Data block ::
+ + + +
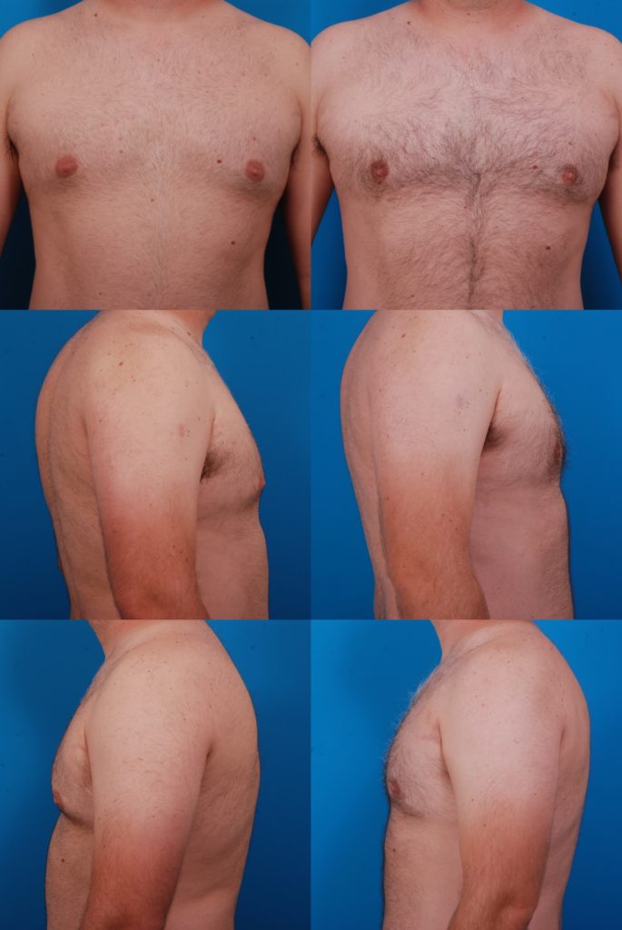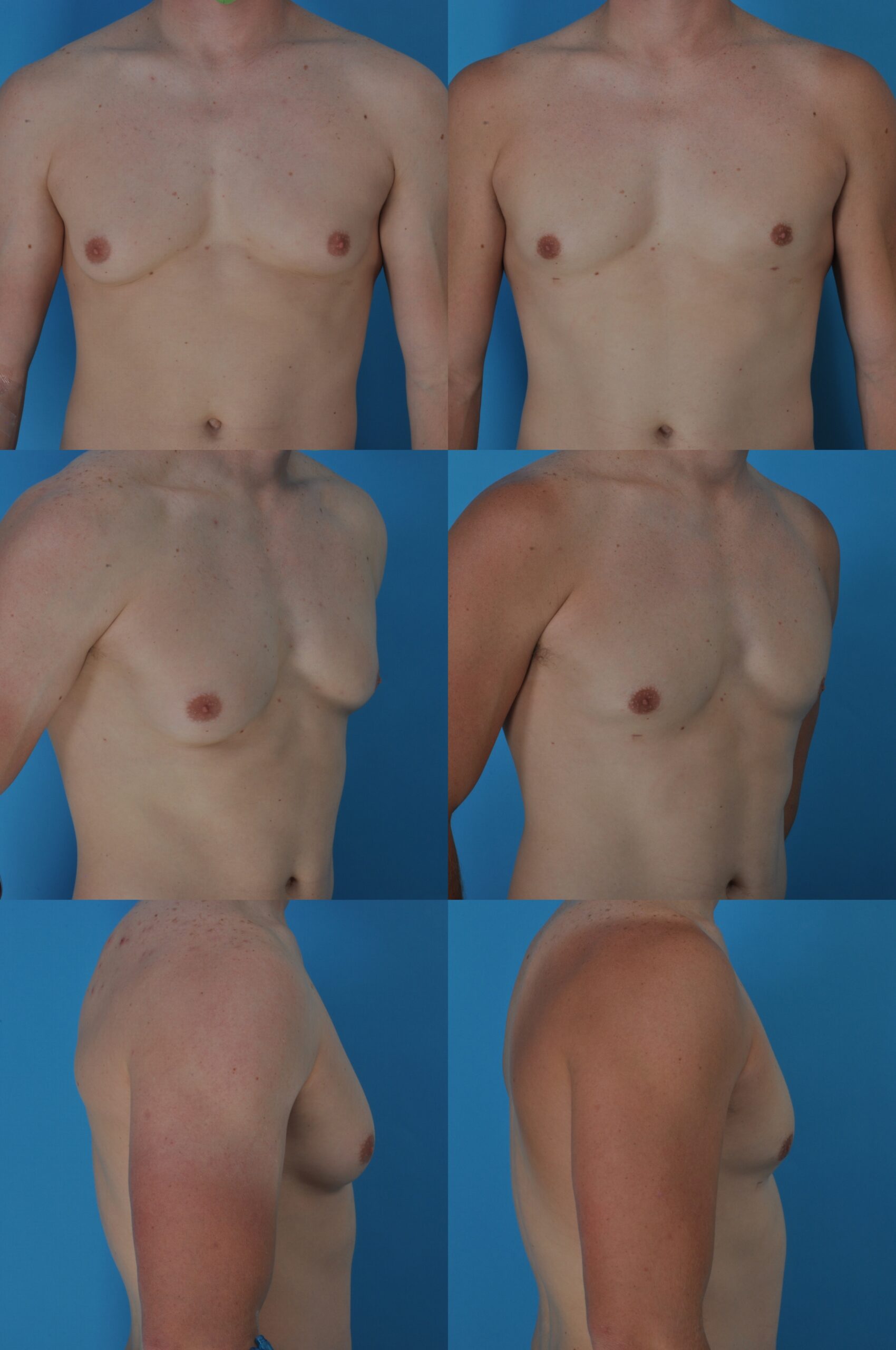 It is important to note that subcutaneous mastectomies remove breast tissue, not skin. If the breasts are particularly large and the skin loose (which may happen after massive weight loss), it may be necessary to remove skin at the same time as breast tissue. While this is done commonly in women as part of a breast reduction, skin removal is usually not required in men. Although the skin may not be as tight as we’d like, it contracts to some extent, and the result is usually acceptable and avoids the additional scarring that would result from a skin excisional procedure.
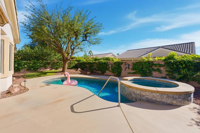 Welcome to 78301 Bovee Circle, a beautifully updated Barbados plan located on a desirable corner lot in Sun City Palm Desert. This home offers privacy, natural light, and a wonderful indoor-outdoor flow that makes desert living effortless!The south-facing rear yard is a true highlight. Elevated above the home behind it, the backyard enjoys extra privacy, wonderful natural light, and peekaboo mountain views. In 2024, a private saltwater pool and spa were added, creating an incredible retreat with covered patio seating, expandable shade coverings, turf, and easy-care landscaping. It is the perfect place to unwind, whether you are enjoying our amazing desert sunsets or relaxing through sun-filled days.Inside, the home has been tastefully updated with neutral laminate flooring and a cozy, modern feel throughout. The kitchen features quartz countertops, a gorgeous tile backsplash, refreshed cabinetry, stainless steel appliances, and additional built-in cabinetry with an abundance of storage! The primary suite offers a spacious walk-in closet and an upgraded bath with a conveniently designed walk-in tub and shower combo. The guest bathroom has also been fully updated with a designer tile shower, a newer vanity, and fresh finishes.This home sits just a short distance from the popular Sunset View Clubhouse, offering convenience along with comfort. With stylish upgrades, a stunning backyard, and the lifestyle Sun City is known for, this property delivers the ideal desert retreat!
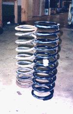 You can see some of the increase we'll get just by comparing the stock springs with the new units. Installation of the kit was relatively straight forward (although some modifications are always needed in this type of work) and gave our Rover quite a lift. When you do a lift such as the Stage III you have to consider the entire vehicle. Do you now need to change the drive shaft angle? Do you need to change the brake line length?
+ + + +
Task item :: The lines to write out are those from the first line of the listing above through the line bearing "Welcome to 78301", both included, copied exactly with pictures dropped.

Task response ::
 It is important to note that subcutaneous mastectomies remove breast tissue, not skin. If the breasts are particularly large and the skin loose (which may happen after massive weight loss), it may be necessary to remove skin at the same time as breast tissue. While this is done commonly in women as part of a breast reduction, skin removal is usually not required in men. Although the skin may not be as tight as we’d like, it contracts to some extent, and the result is usually acceptable and avoids the additional scarring that would result from a skin excisional procedure.
 Welcome to 78301 Bovee Circle, a beautifully updated Barbados plan located on a desirable corner lot in Sun City Palm Desert. This home offers privacy, natural light, and a wonderful indoor-outdoor flow that makes desert living effortless!The south-facing rear yard is a true highlight. Elevated above the home behind it, the backyard enjoys extra privacy, wonderful natural light, and peekaboo mountain views. In 2024, a private saltwater pool and spa were added, creating an incredible retreat with covered patio seating, expandable shade coverings, turf, and easy-care landscaping. It is the perfect place to unwind, whether you are enjoying our amazing desert sunsets or relaxing through sun-filled days.Inside, the home has been tastefully updated with neutral laminate flooring and a cozy, modern feel throughout. The kitchen features quartz countertops, a gorgeous tile backsplash, refreshed cabinetry, stainless steel appliances, and additional built-in cabinetry with an abundance of storage! The primary suite offers a spacious walk-in closet and an upgraded bath with a conveniently designed walk-in tub and shower combo. The guest bathroom has also been fully updated with a designer tile shower, a newer vanity, and fresh finishes.This home sits just a short distance from the popular Sunset View Clubhouse, offering convenience along with comfort. With stylish upgrades, a stunning backyard, and the lifestyle Sun City is known for, this property delivers the ideal desert retreat!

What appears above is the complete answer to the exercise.